Повозившись на лоджии, Виктор вернулся.
– Вы чего не спите?
Илья Петрович хотел сказать про шифер, но промолчал.
– Да вот, звякнула банка, проснулся.
– Там их три выпало, но целые.
– Ну и добре.
– Спите, папа.
Ушёл, дверь поглубже закрыл, осторожно. Хороший он, Виктор. Доживать бы спокойно Илье Петровичу, да беда в доме… Тихая, скрытная. И нельзя о ней ни сказать, упаси Боже, ни глянуть глазами её… Внуков не даёт Бог Илье Петровичу. Десять уж лет, как справили свадьбу Люськину. А ждут всё… Может, и дождутся. И они, и он… Люську они с Машей тоже сколько годков ждали…

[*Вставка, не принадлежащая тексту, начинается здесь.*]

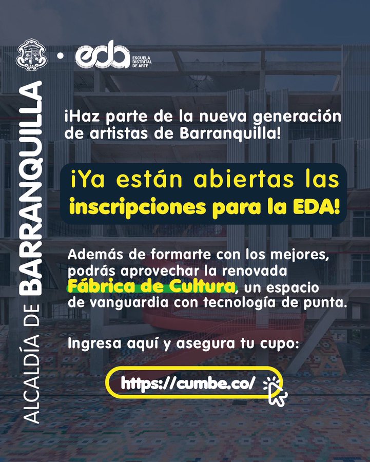 “Ya están abiertas las matrículas de la Escuela Distrital de Arte y Tradiciones Populares (EDA). Invito a todos los jóvenes barranquilleros que sueñan con formarse en música, danza, teatro, producción audiovisual, artes plásticas y más, a que aprovechen esta tremenda oportunidad de estudiar en la Fábrica de Cultura, un espacio de aprendizaje y creatividad con una infraestructura a otro nivel. A ponerse las pilas y asegurar su cupo aquí: https://cumbe.co/”, publicó el alcalde Alejandro Char en su cuenta de X. (Ver publicación).

Бьёт, бьёт, поганец… «Хрим-брим, хрим-брим»… Нет, завтра скажет он во дворе пацанам постарше, чтоб отодрали шифер. Надо куски эти на дачу весной увезти, всё равно пожгут. А там он их распилит на желобки и будет под шланги при поливе класть, чтоб землю не размывать, корешки беречь. Всё дело, а не треск.
Под утро Илья Петрович засыпает. Снится ему хороший сон, тёплый, красивый. Жена Маша, молодая, весёлая… Клумбы во дворе… Дача… И домик вроде тем самым шифером цветным покрыт… И деревья в цвету розовом… И детишки малые под деревьями играют, копают чего-то, брызгаются… смеются… На Люську и Виктора похожие…
Скорей бы весна…
2003
У моста
Тащи, щас самая рыба, по темноте-то, к берегу идёт…
Я потянул верёвку. Лебедка уныло заскрипела, визглявые звуки начали иголками впиваться в плотную темноту окрестья.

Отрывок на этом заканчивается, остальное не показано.